Minimal Configuration (Auto-registration)
# .env file for OAuth with auto-registration
NEXTCLOUD_HOST=https://your.nextcloud.instance.com
# Leave these EMPTY for OAuth mode
NEXTCLOUD_USERNAME=
NEXTCLOUD_PASSWORD=
This minimal configuration uses dynamic client registration to automatically register an OAuth client at startup.
Full Configuration (Pre-configured Client)
# .env file for OAuth with pre-configured client
NEXTCLOUD_HOST=https://your.nextcloud.instance.com
# OAuth Client Credentials (optional - auto-registers if not provided)
NEXTCLOUD_OIDC_CLIENT_ID=your-client-id
NEXTCLOUD_OIDC_CLIENT_SECRET=your-client-secret
# OAuth Callback Settings (optional)
NEXTCLOUD_MCP_SERVER_URL=http://localhost:8000
# Leave these EMPTY for OAuth mode
NEXTCLOUD_USERNAME=
NEXTCLOUD_PASSWORD=
Environment Variables Reference
| Variable | Required | Default | Description |
|---|---|---|---|
NEXTCLOUD_HOST |
✅ Yes | - | Full URL of your Nextcloud instance (e.g., https://cloud.example.com) |
NEXTCLOUD_OIDC_CLIENT_ID |
⚠️ Optional | - | OAuth client ID (auto-registers if empty) |
NEXTCLOUD_OIDC_CLIENT_SECRET |
⚠️ Optional | - | OAuth client secret (auto-registers if empty) |
NEXTCLOUD_MCP_SERVER_URL |
⚠️ Optional | http://localhost:8000 |
MCP server URL for OAuth callbacks |
NEXTCLOUD_USERNAME |
❌ Must be empty | - | Leave empty to enable OAuth mode |
NEXTCLOUD_PASSWORD |
❌ Must be empty | - | Leave empty to enable OAuth mode |
Prerequisites
Before using OAuth configuration:
-
Install required Nextcloud apps (both are required):
oidc- OIDC Identity Provider (Apps → Security)user_oidc- OpenID Connect user backend (Apps → Security)
-
Configure the apps:
- Enable dynamic client registration (if using auto-registration) - Settings → OIDC
- Enable Bearer token validation:
php occ config:system:set user_oidc oidc_provider_bearer_validation --value=true --type=boolean
-
Apply Bearer token patch - The
user_oidcapp requires a patch for non-OCS endpoints - See Upstream Status for details
See the OAuth Setup Guide for detailed step-by-step instructions, or OAuth Quick Start for a 5-minute setup.

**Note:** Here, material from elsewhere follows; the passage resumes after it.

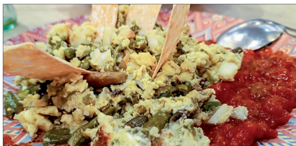
Revuelto de trigo y ajorriero.
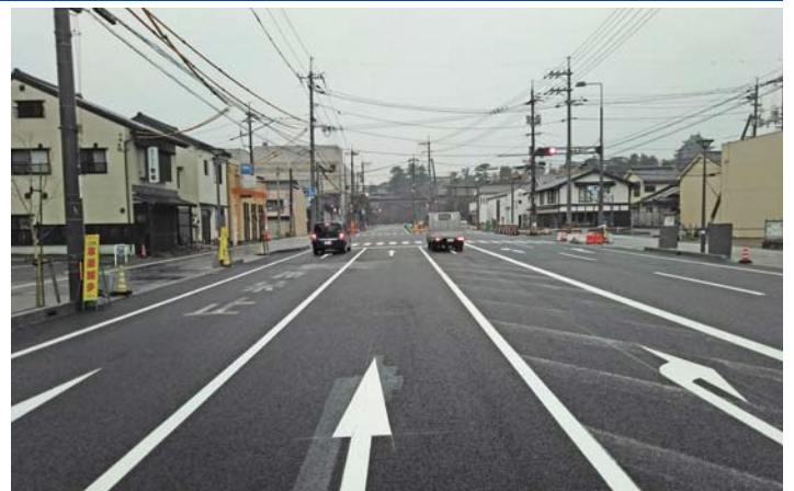
殿町交差点東側車線の様子 (松江城方向を望む)

Basic Authentication (Legacy)
Basic Authentication is maintained for backward compatibility. It uses username and password credentials.
Warning
Security Notice: Basic Authentication stores credentials in environment variables and is less secure than OAuth. Use OAuth for production deployments.
Configuration
# .env file for BasicAuth mode
NEXTCLOUD_HOST=https://your.nextcloud.instance.com
NEXTCLOUD_USERNAME=your_nextcloud_username
NEXTCLOUD_PASSWORD=your_app_password_or_password
Environment Variables Reference
| Variable | Required | Description |
|---|---|---|
NEXTCLOUD_HOST |
✅ Yes | Full URL of your Nextcloud instance |
NEXTCLOUD_USERNAME |
✅ Yes | Your Nextcloud username |
NEXTCLOUD_PASSWORD |
✅ Yes | Recommended: Use a dedicated Nextcloud App Password. Generate one in Nextcloud Security settings. Alternatively, use your login password (less secure). |
Semantic Search Configuration (Optional)
The MCP server includes semantic search capabilities powered by vector embeddings. This feature requires a vector database (Qdrant) and an embedding service.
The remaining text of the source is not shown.